Avevo colto la velata minaccia, il monitor composto dietro le sue parole e l'atteggiamento freddo e distaccato. Non solo lo avevo colto ma avevo avuto il buonsenso di non replicare. L'assaggio del tè si fece amaro, quasi acido e io avevo solo voglia di tornare in quello spazio che ormai sarebbe diventato vitale per me, un posto tutto mio, che era la mia camera. 

Sakito venne a cercarmi e mi trovò intenta a spazzolarmi i capelli quando mi annunciò di scendere poiché il signore era tornato a casa. 

Sentii il cuore battere sempre più forte quando me lo trovai di fronte dopo giorni di latitanza e quando i suoi occhi scuri si posarono su di me una scossa partì dallo stomaco e si spostò verso il basso, verso il centro pulsante della mia intimità. 

In un movimento del tutto istintivo mi trovai a chiudere le gambe, stringerle forte tra di loro e questo non gli sfuggì, innescando un accenno di sorriso sul suo viso bello e duro, severo. 

«Hana-san, è un piacere rivederti.»

Annuii in segno di ringraziamento e quando mi porse la sua mano fui tentata di rifiutarla ma mi bastò incontrare il suo sguardo per farmi desistere.

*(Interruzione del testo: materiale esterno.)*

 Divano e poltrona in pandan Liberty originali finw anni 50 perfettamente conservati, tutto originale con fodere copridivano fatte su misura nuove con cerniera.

Non mi sfuggì nemmeno l'occhiata di Aiko che, di fianco, mi riservò. 

«Vieni, andiamo a cena.»

Lo seguii convinta che anche sua moglie si unisse a noi ma scoprii presto che in realtà saremmo stati soli. Io e lui. 

Deglutii ma non proferii parola, solo aspettai che si sistemasse a gambe incrociate sul pavimento e feci lo stesso anch'io, solo sedendomi sui talloni. 

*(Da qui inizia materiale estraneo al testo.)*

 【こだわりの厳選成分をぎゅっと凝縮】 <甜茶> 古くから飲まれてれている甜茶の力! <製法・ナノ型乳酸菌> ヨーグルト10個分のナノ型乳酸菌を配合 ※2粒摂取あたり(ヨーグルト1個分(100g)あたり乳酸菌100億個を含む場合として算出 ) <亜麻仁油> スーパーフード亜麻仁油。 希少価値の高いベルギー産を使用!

Consumammo in un silenzio religioso la cena che ci venne servita.

Molto più spesso di quanto avrei voluto mi capitava di sbrirciare verso di lui, anche solo con la coda dell'occhio e lo trovavo sempre perfetto, impeccabile, e purtroppo per me tremendamente sensuale. La mia attenzione era calamitata dalla sua bocca, dalle sue labbra e soprattutto dalla lingua che di tanto in tanto Takeda tirava fuori e passava lentamente sul labbro inferiore. Quest'uomo era bellezza e incanto, una tentazione vivente, sorgente viva di pensieri sporchi, peccaminosi, proibiti. 

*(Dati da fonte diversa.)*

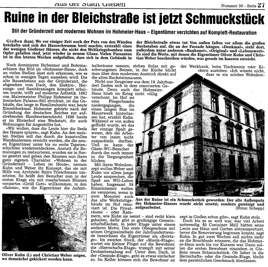 Das Anwesen – jahrelang „hässliches“ Ärgernis in der Gießener Innenstad – hat schon während der Renovierungszeit zahlreich Bürger veranlasst, spontan das Gebäude zu betreten und Genugtuung über die neue Fassade beispielsweise zum Ausdruck zu bringen. Auch Dozenten der TH und Architekten fanden sich einfach so im Gebäude ein, weil die Fassadenbeschriftung dazu förmlich eingeladen hat. Hier erhielten wir höchste Anerkennung für das Geleistete.

Sussultai quando per la prima volta dall'inizio della cena spostò il suo sguardo verso di me. Non riuscii a tenere testa ai suoi e abbassai gli occhi. 

«Hai avuto modo di ambientarti, Hana-san?»

«Sì, vi ringrazio per la camera che avete scelto per me e anche per i vestiti. Siete molto generoso.»

«Hai ragione, lo sono. Ho molto cura di ciò che mi appartiene, e tu mi appartieni.»

Le mie mani poggiate sulle cosce tremavano. Non era per la paura e forse fu proprio questo a spaventarmi come conseguenza. 

Avvertii il respiro di Takeda farsi più vicino e me lo ritrovai alle spalle. Era in ginocchio e mi solleticava il collo con il suo fiato. Con le punta delle dita mi sfiorò le spalle e risalì in una carezza lenta fino al viso che afferrò, in una presa salda, e lo spostò verso l'alto. La bocca del samurai ora sfiorava la mia e l'eccitazione divampò dentro di me senza che potessi controllarla. 

Mi trovai a trattenere il respiro e a chiudere gli occhi. Averlo vicino era troppo intenso e non riuscivo a capire come fosse possibile ciò. Non era possente solo fisicamente, lo era anche nell'aura di potere che riusciva a trasmettere con un solo sguardo, con un solo tocco. Aveva una personalità decisamente dominante e in confronto mi sentii piccola. 

«Mi hai pensato, Hana-san? Hai pensato al nostro ultimo incontro?»

Deglutii a vuoto, la bocca si fece improvvisamente secca quando con la punta della lingua disegnò i contorni delle mie labbra. Ero arrivata al punto, adesso, di desiderare che mi baciasse ed era una cosa folle e impensabile. 

La presa sul mio viso si fece più stretta, più forte e mi lasciai andare a un mugolio incerto, soffocato. 

«Se ti toccassi ora come l'ultima volta, ti troverei bagnata?»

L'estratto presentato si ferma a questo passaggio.